STUDY MATERIAL »
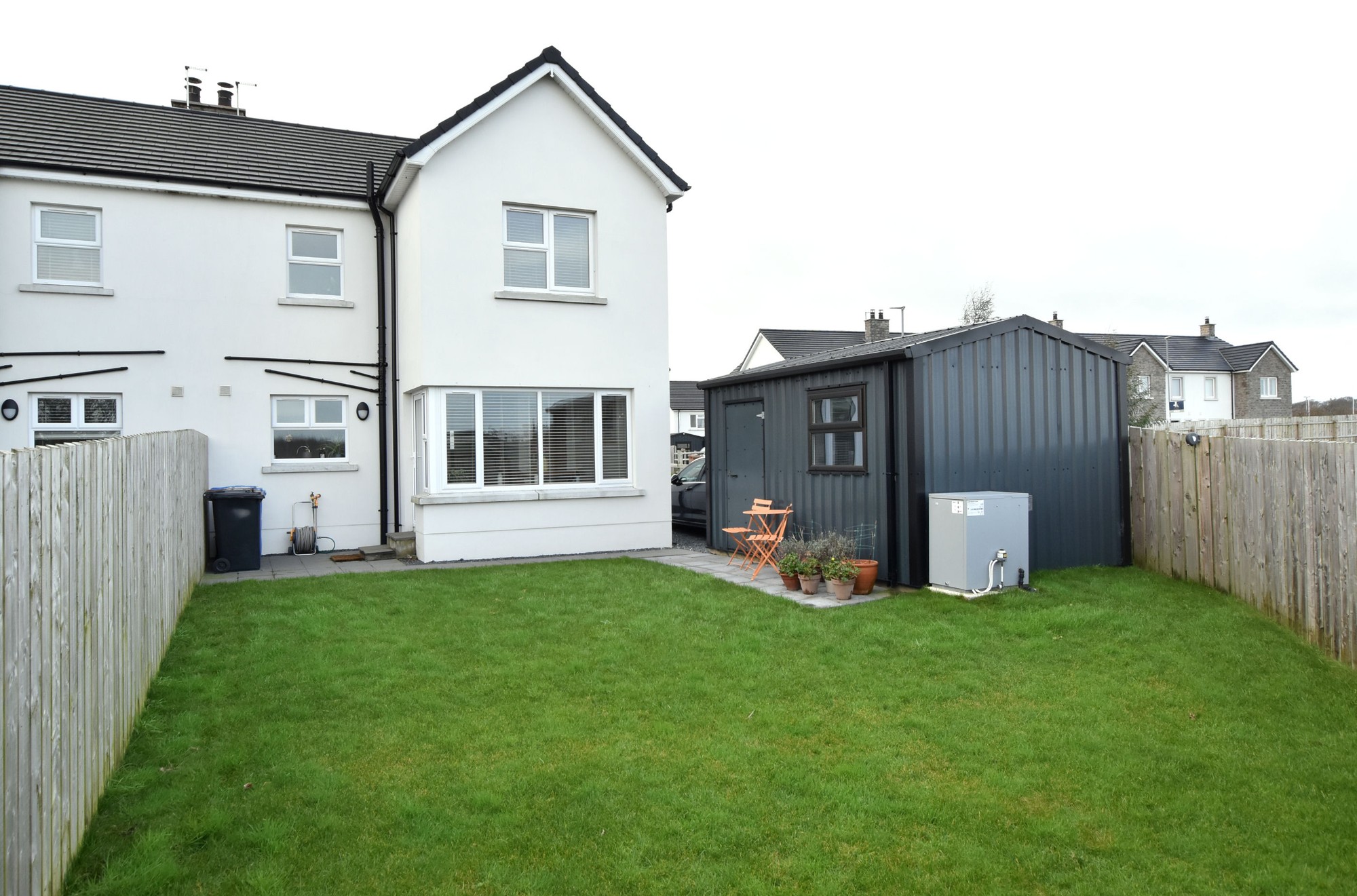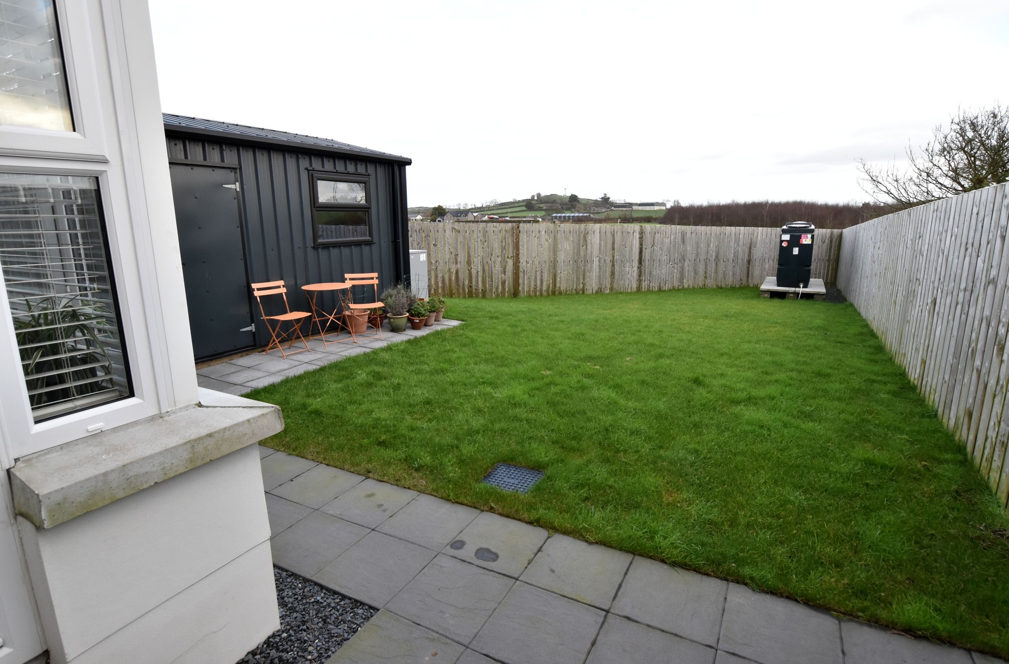 Outside, the fully enclosed rear garden overlooking the open countryside, is laid mainly in lawn and offers a private, secure space for children, pets or summer evenings. A garden shed with light, power and service door provides excellent additional storage or hobby space, and the screened driveway offers off-street parking with added privacy.
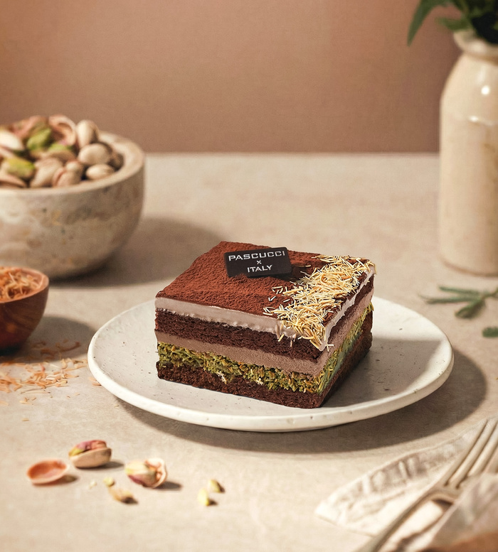 파스쿠찌가 ‘카사타 두바이 케이크’를 출시했다. 초코 시트와 초코 크림에 구운 카다이프·피스타치오 페이스트를 더한 중동 스타일 케이크다.
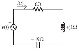 25. 如右圖所示電路,已知 v(t) = 100sin(1000t + 27°)V, i(t) = 10sin(1000t – 10°)A,阻抗 Z 為一電阻 R 與一未知元件 X 串聯,由此可求得: [台糖 110] (A)R 為 10Ω 之電阻 (B)X 是 167μF 的電容器 (C)X 是 6mH 的電感器 (D) 阻抗的功率因數為 0.8
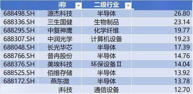 上表是本周涨幅榜前十公司,排名前十的公司分别是:源杰科技、三生国健、中复神鹰、中润光学、长光华芯、普冉股份、美埃科技、佰维存储、燕东微、鼎通科技。
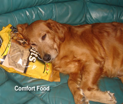 Madison is progressing well. She must be wherever we are. We think she gets frustrated with us—she is such a couch potato and we don’t sit for an extended period of time, so she’s forced to get her exercise following us from room to room! As we indicated in our last report, she continues with her thief antics. She steals bags of dog treats. Robb made a placebo replacing the biscuits with a soft, squishy bean bag heating pad into an empty bag of biscuits, but she saw right through it. Nonetheless, she found this to be a comfortable pillow. She takes it from the pantry shelf and places it in her den and rests her head on it. Typically Madison will steal a bag of biscuits and place them on the sofa next to her; but this morning, she carried the bag of biscuits (mind you, it was a full unopened bag, which weighs 4 pounds) upstairs and then came back down shortly with it in her mouth. That’s one tough girl and jaw! Attached is a photo of Madison resting on her biscuit bag—talk about “comfort food”!

TASK GOAL » Could you set down verbatim the lines from the beginning of the entries above through the line containing "파스쿠찌가 ‘카사타 두바이", both included, leaving out the pictures?

WRITTEN ANSWER »
 Outside, the fully enclosed rear garden overlooking the open countryside, is laid mainly in lawn and offers a private, secure space for children, pets or summer evenings. A garden shed with light, power and service door provides excellent additional storage or hobby space, and the screened driveway offers off-street parking with added privacy.
 파스쿠찌가 ‘카사타 두바이 케이크’를 출시했다. 초코 시트와 초코 크림에 구운 카다이프·피스타치오 페이스트를 더한 중동 스타일 케이크다.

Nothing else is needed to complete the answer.